You should evaluate the patient within five to 15 minutes.
And for nonverbal patients, you evaluate by looking for changes in those objective FLACC signs we discussed earlier.
You note that an aphasic stroke patient is no longer thrashing, their legs have uncurled, and the deep tension in their facial muscles has relaxed.
Finally, you document.
In nursing, if it wasn't documented, it wasn't done.
The golden rule.
Your documentation must include the initial assessment findings, the specific pain scale you used, the exact measure taken, your timed evaluation of its effectiveness, and crucially, if the pain wasn't relieved, you must document that you elevated the issue and notified the provider.

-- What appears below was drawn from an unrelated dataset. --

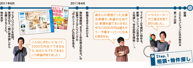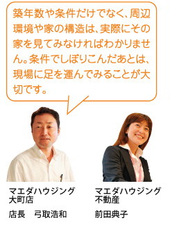 そんな時、「まるごと安佐南&安佐北。」を通じて知ったマエダハウジングを訪ね、本誌掲載の中古リフォームが予算的に無理のない範囲で可能なことを知ったEさん。スタッフ同行で、中古物件を見て回ることにした。

Which brings us to the ultimate goal of patient care,
translating these hospital -based strategies into the community and extended care environments.
The nursing process does not magically end at discharge.

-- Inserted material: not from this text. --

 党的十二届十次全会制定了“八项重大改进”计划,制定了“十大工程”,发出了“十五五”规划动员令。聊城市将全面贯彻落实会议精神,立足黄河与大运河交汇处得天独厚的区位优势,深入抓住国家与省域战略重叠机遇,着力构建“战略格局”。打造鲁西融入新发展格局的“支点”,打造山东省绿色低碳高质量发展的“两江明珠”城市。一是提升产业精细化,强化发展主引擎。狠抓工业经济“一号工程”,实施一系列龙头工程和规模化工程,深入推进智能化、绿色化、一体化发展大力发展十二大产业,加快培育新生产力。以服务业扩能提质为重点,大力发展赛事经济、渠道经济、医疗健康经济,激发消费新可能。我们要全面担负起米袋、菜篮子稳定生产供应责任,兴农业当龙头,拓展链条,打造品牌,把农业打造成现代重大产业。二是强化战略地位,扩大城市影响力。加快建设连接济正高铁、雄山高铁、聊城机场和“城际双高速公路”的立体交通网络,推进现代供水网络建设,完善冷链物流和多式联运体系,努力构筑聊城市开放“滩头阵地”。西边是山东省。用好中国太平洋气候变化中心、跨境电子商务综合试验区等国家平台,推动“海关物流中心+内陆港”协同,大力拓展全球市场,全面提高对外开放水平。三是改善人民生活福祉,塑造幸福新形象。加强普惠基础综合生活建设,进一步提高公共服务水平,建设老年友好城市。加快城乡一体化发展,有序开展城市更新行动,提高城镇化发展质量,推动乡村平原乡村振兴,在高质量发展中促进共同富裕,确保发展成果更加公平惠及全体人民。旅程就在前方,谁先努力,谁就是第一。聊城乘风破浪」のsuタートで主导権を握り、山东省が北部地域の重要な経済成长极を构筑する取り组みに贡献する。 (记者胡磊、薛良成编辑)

When we look at extended care facilities like skilled nursing facilities or long -term care, the terminology actually shifts.
We use the term resident instead of patient because this facility is their permanent home.
Yes.
And whether these residents are alert and oriented, mildly confused or experiencing significantly decreased consciousness due to dementia, they still perceive pain and they still require scheduled analgesics.
But nurses must be hypervigilant in this population.
Because of their age.
Exactly.
The aging process alters pharmacokinetics.
Older adults naturally have decreased renal function and slower hepatic metabolism.
The liver processes the drugs slower and the kidneys excrete it much slower, meaning the drug stays active in their bloodstream far longer than it would in a young adult.
Which puts them at an incredibly high risk for medication toxicity, even with over -the -counter drugs.
A resident taking routine acetaminophen for chronic osteoarthritis might develop confusion or lethargy.
It's easy to dismiss that as well just getting older when in reality it's insidious medication toxicity.
Careful monitoring is non -negotiable.
And for patients being discharged to their own homes, patient and family education becomes the primary nursing intervention.
You must aggressively teach the patient to maintain a strict written medication record at home.
Because it's so easy to forget.
Exactly.
When you are exhausted and in pain, it is incredibly easy to forget when you took your last dose, which is exactly how accidental overdoses occur.
You also need to verify that 24 -hour assistance telephone numbers are prominently displayed in their home so they aren't left stranded if complications arise.
And don't forget to empower the family.
Teach them how to properly use non -pharmacologic adjuncts, how to safely apply warm compresses, how to help the patient reposition, and how to use quiet environments or soft music to augment the pharmacological plan.
If we pull all of these concepts together, the nerve fibers, the subjective assessments, the medications, the environmental factors, it raises a really fascinating question regarding the biopsychosocial model.
What's that?
If pain is genuinely constructed by an entanglement of biological, psychological, and sociological factors all reacting together, how might the actual physical design of a patient's hospital room or the tone of voice the nurse uses or the specific social support waiting for them in their community literally and physically alter their central nervous system's pain pathways?
It suggests that the environment we construct around a patient is just as potent a medical intervention as the IV fluids or the opioids we administer.
That is a profound realization to carry with you onto the clinical floor.
How does the environment you create for your patient physically change their nervous system?
It's powerful.
It really is.
Well, thank you so much for joining us for this deep dive into chapter seven.
On behalf of the last minute lecture team, we wanna wish you the absolute best of luck on your upcoming exams, and more importantly, in your future clinical practice.
You are going to be an incredible nurse.